● PROMPT:
Please output only the lines running from the one that contains "Mieszkanie B31 to esencja" through the last line of the data below, exactly as they stand, with no pictures.

● DATASET EXTRACT:

════════════════

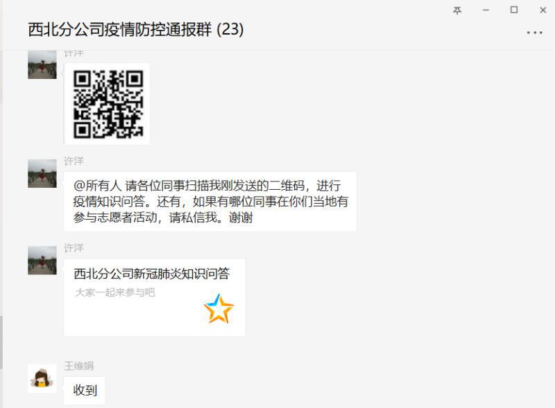 為提高廣大員工對(duì)新冠肺炎的了解,提高防控意識(shí),掌握防控要點(diǎn),共同打贏疫情防控阻擊戰(zhàn),2月14日,西北分公司工會(huì)組織開(kāi)展了新冠肺炎疫情防控知識(shí)網(wǎng)絡(luò)答題活動(dòng)。
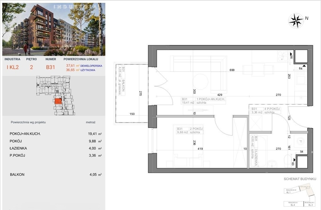 Mieszkanie B31 to esencja nowoczesnego projektowania – harmonijne proporcje, logiczny układ, światło grające po ścianach. Tutaj prostota ma wymiar elegancji, a funkcjonalność staje się stylem życia. Zaprojektowane zgodnie z normą PN-ISO 9836:2022-07, wykończone w standardzie deweloperskim, z możliwością indywidualnej aranżacji – gotowe, by stało się Twoją własną historią.
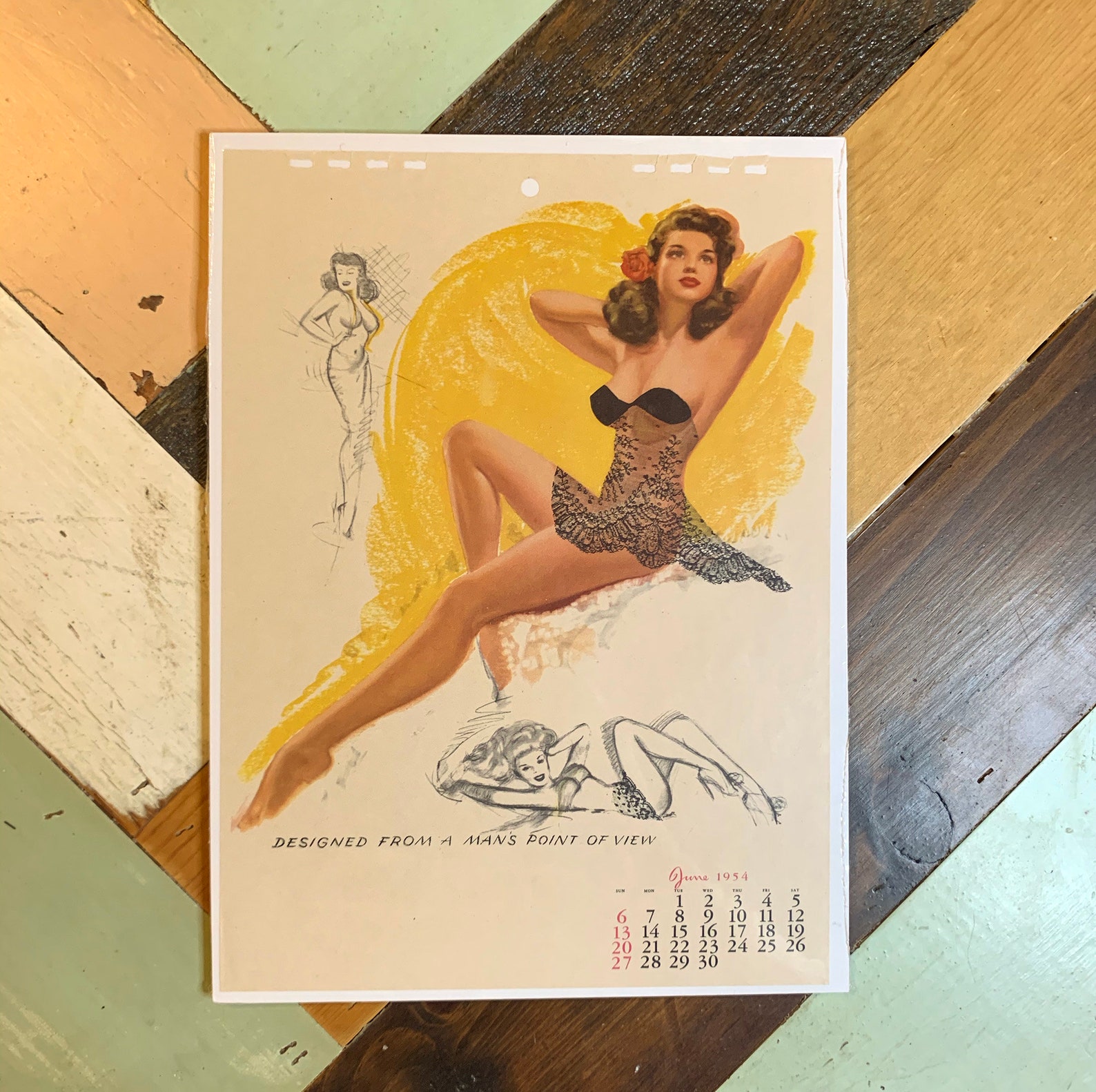 June 1954 Pinup Calendar Page Swim Suit Bikini Lingerie Rose Etsy
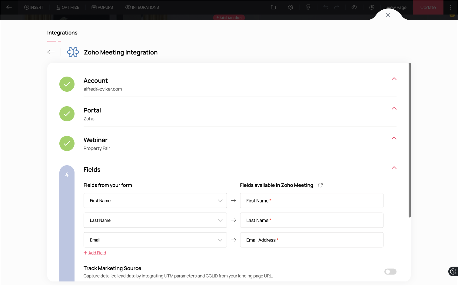 3.  In the integration popup window, select your account, portal, and webinar. Map your landing page form fields to the fields available in Zoho Meeting. Once you have entered all the details, click on Continue to integrate your landing page with Zoho Meeting.

════════════════

● ANSWER TO THE EXERCISE:
 Mieszkanie B31 to esencja nowoczesnego projektowania – harmonijne proporcje, logiczny układ, światło grające po ścianach. Tutaj prostota ma wymiar elegancji, a funkcjonalność staje się stylem życia. Zaprojektowane zgodnie z normą PN-ISO 9836:2022-07, wykończone w standardzie deweloperskim, z możliwością indywidualnej aranżacji – gotowe, by stało się Twoją własną historią.
 June 1954 Pinup Calendar Page Swim Suit Bikini Lingerie Rose Etsy
 3.  In the integration popup window, select your account, portal, and webinar. Map your landing page form fields to the fields available in Zoho Meeting. Once you have entered all the details, click on Continue to integrate your landing page with Zoho Meeting.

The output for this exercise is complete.